My preferred option is very fast, I sampled a tab-delimited data file with 13 columns, 23.1M rows, 2.0GB uncompressed.

# randomly sample select 5% of lines in file
# including header row, exclude blank lines, new seed

time \
awk 'BEGIN  {srand()} 
     !/^$/  { if (rand() <= .05 || FNR==1) print > "data-sample.txt"}' data.txt

# awk  tsv004  3.76s user 1.46s system 91% cpu 5.716 total
迎风吟唱 2025-01-11 08:05:35
seq 1 100 | python3 -c 'print(__import__("random").choice(__import__("sys").stdin.readlines()))'
seq 1 100 | python3 -c 'print(__import__("random").choice(__import__("sys").stdin.readlines()))'
始终不够爱げ你 2025-01-11 08:05:35

这是一个“增量随机采样器”,它在一次传递中从任意数量的行中精确选取 N 个样本,并且不会在内存中存储超过 N 行。

  • 它恰好选择了 N 个样本。
  • 每条线被选择的概率相等。
  • 它只读取一次输入。
  • 无需排序、迭代或比较。
  • 它一次不会在内存中存储超过 N 行。

它的工作原理如下:

  1. 将前 N 行存储在样本 [0..N-1] 中。
  2. N 行后,从 0 到 (#linesSoFar - 1) 中选择一个随机数 r
  3. 如果 r < N,用新行替换样本[r]。否则,请跳过它。
  4. 读取所有行后,对样本 [] 进行打乱,以防前 N 行中的任何一行碰巧仍然以其原始的非随机顺序存在。

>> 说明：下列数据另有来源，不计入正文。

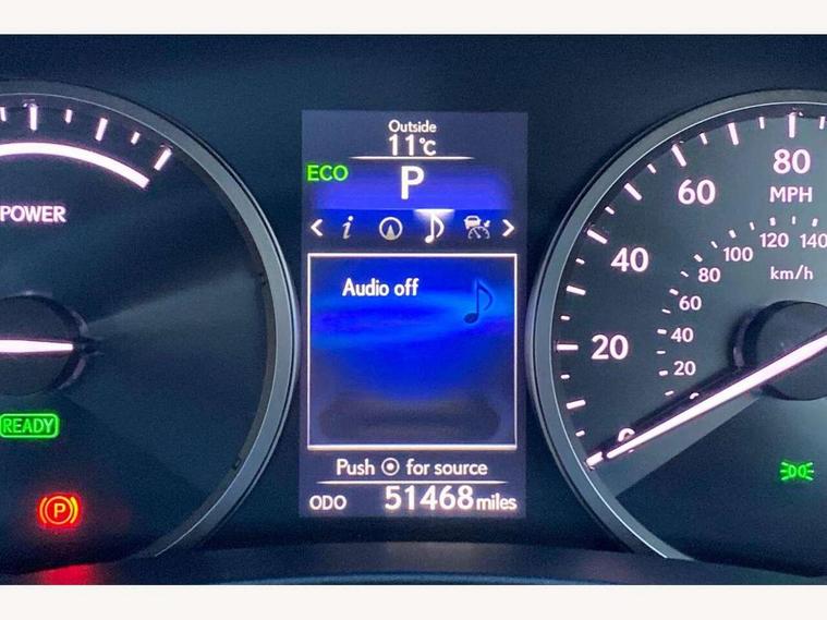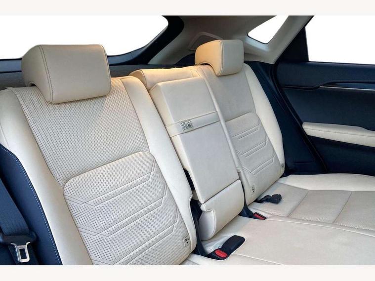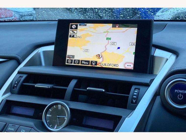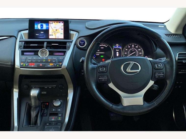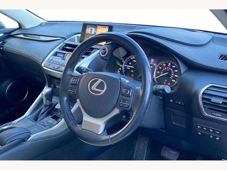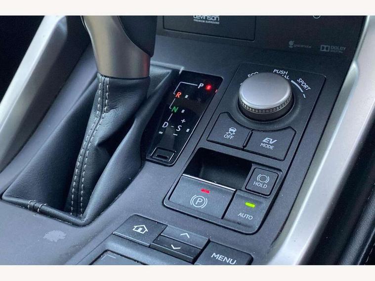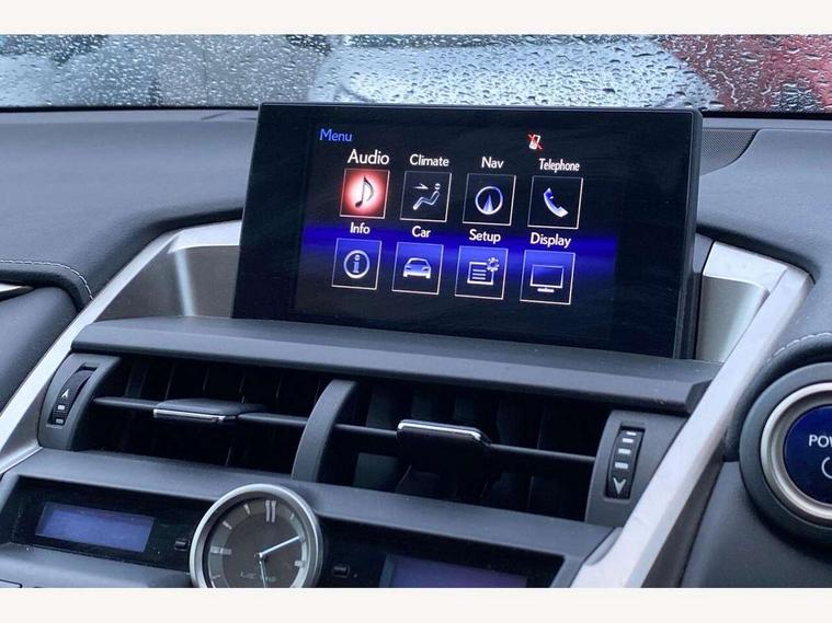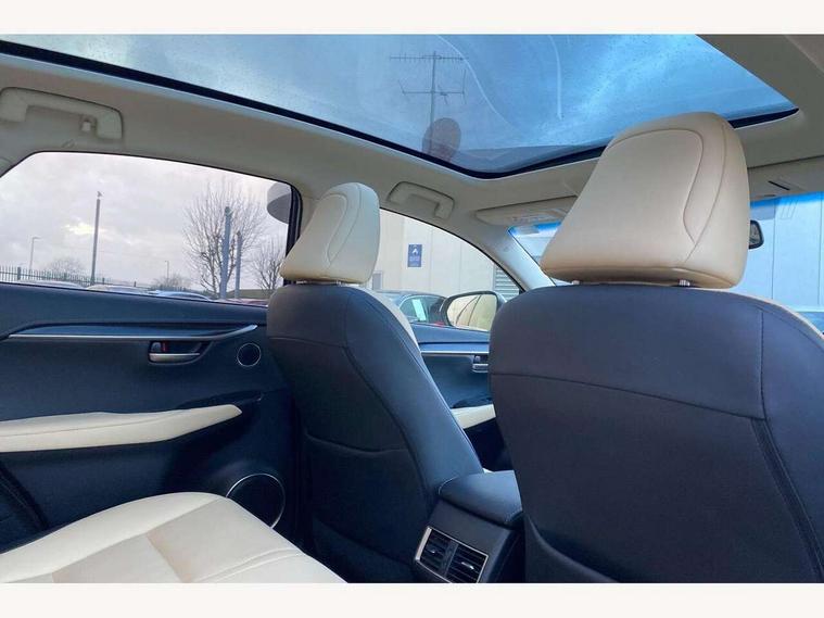 Adaptive cruise control + pre-crash system, Analogue clock, Blind spot monitoring, Bluetooth telephone connectivity, Drive mode selector, Front and rear parking sensors, Head up Display, Lane keep assist, Multimedia display, PAS, Premium navigation system, Push button starter, Rear cross traffic alert, Remote touch interface, Service interval indicator, Surround camera system, Trip computer, Voice control system, VDIM, Vehicle Stability Control (VSC), 14 speakers, Aux input, DAB Digital radio, Mark Levinson Audio with 6CD changer, Steering wheel mounted audio controls, USB connection, Adaptive high beam assist, Body colour bumpers, Electric/heated/folding door mirrors, Electrochromatic rear view mirror, Electrochromic door mirrors, Front and rear electric windows, Headlight washers, Illuminated door handles, LED daytime running lights, LED front fog lights with static cornering light function, LED Headlights, Privacy glass, Puddle lights in exterior door handles, Rain sensor windscreen wipers, Rear wiper, Roof rails, Roof spoiler, Shark fin roof aerial, 10 way electric adjustable drivers seat, 3 spoke leather steering wheel, 60/40 split folding rear seat, 8 way electrically adjustable passenger seat with height, reach, till and backrest, Driver seat memory function, Driver's lumbar support, Dual climate control air conditioning system, Electric adjustable steering column, Front armrests, Front seat ventilation, Heated front seats, Heated steering wheel, Isofix child seat attachment, Leather gear lever, Leather upholstery, Rear armrest, Rear headrests, Convenience pack - NX, 3x3 point rear seatbelts, ABS, Active front headrests, Curtain airbags, Driver/Front Passenger airbags, Driver/front passenger side airbags, EBD + Brake Assist, Electronic parking brake, Front/rear seatbelt pre-tensioners, Hill start assist, Passenger airbag cut-off device, Rear passenger side airbags, Traction control, Tyre pressure warning, Alarm, Immobiliser, Remote central double locking, Smart card entry, Speed sensitive power door locks, Space saver spare wheel,
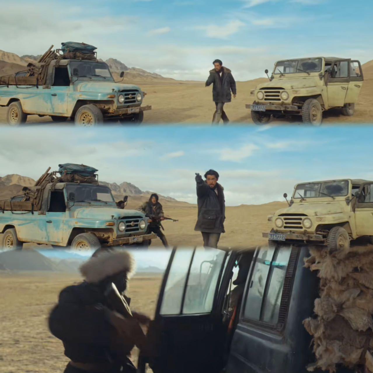 生命树2颗子弹爆掉盗猎人手指《生命树》这段追猎戏,多杰在沙暴中如战神降临,两颗子弹带着怒火,瞬间爆掉盗猎人手指,太震撼!
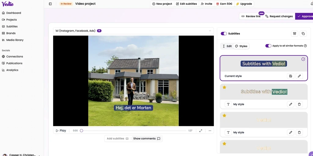 Tilpas farver, fonte, animationer og opsætning, så underteksterne matcher dit brand perfekt - og skaber mere engagement på tværs af platforme.
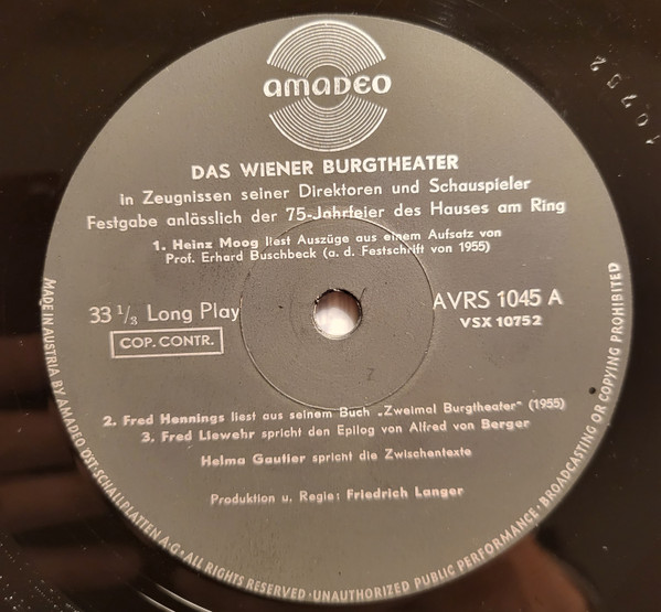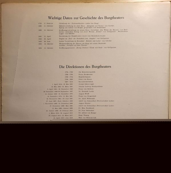 Various – Das Wiener Burgtheater In Zeugnissen Seiner Direktoren Und Schauspieler
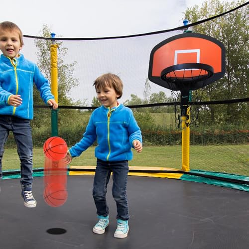 Safe And Reliable: This trampoline basketball hoop is made of durable PE and ABS materials that is strong and wear-resistant. It can withstand the wind and the of the ball without deforming or breaking.

我做了一个证明,以确保这使每条线都有相同的概率包含在最终样本中。我还做了一些大型的实证实验来证明同样的事情。

当我需要从一段时间内未知的数百万条条目的日志中获取 10,000 条消息的随机样本时,我想到了这个算法。使用这种方法,我不需要一次存储超过 N 个消息,也不需要提前猜测要保留哪一部分消息才能最终获得所需的 N 个样本。

这是一个 python 实现。您可以通过以下方式从命令行调用它:

`cat <inputFile> | python incremental_sampler.py [#samples=1000] > <outputFile>`

或者从您自己的 python 程序调用它。它非常简单,我发现移植到其他语言是微不足道的。

import random
import sys


# Incremental random sampler.
#   Author: Randy Wilson, Ph.D.
#   Date: 14 February 2007
# Generates a random sample of all the values passed to it,
#   without ever having to store more than the number of samples
#   being taken ('max_samples').
# Stores the first 'max_samples' values. 
# Then chooses a random index from 0..num_samples-1.
#   If the random index is within the first max_samples, 
#     then that array element is replaced.
#     Otherwise, the new value is ignored.
# This gives every incoming sample the same probability of
#   max_samples/num_samples of being included.
#
# For example, if max_samples=1000, and 50,000 values are 
#   passed to add_sample(), then the first 1000 samples are all kept.
# After that, there is a 1000/1001, 1000/1002, etc., chance
#   of each sample replacing one selected earlier.
# After adding all 50,000 samples, get_samples() will shuffle the 
#   1000 samples that were kept and return them.
# Never were more than 1000 samples stored during the entire process.
# This means you could get a sample from billions of values 
#   without blowing out memory.
class IncrementalSampler:
    def __init__(self, sample_size):
        # Number of samples desired in the end
        self.sample_size = sample_size
        # Number of samples added via add_sample so far
        self.num_samples = 0
        # Values included in the random sample so far. These may be replaced by values added later.
        self.samples = []

    def add_sample(self, value):
        if self.num_samples < self.sample_size:
            self.samples.append(value)
        else:
            position = random.randint(0, self.num_samples)
            if position < self.sample_size:
                self.samples[position] = value
        self.num_samples += 1

    def get_samples(self):
        random.shuffle(self.samples)
        return self.samples


# Command-line interface.
# Usage: cat <file> | incremental_sampler.py [#samples] > <outputFile>
sample_size = 1000
if len(sys.argv) > 1:
    sample_size = int(sys.argv[1])
sampler = IncrementalSampler(sample_size)
for line in sys.stdin:
    sampler.add_sample(line.rstrip('\r\n'))
for line in sampler.get_samples():
    print(line)

Here is an "incremental random sampler" that picks exactly N samples from any number of lines in one pass, never storing more than N lines in memory.

  • It selects exactly N samples.
  • Each line has an equal probability of being chosen.
  • It reads through the input just once.
  • No sorting, iterating or comparing needed.
  • It never stores more than N lines in memory at a time.

It works as follows:

  1. Store the first N lines in samples[0..N-1]
  2. After N lines, pick a random number r from 0 to (#linesSoFar - 1)
  3. If r < N, replace samples[r] with the new line. Otherwise, skip it.
  4. After reading all the lines, shuffle samples[] just in case any of the first N lines happen to still be there in their original non-random order.

I did a proof to make sure that this gives each line an equal probability of being included in the final sample. I also did some large empirical experiments to demonstrate the same thing.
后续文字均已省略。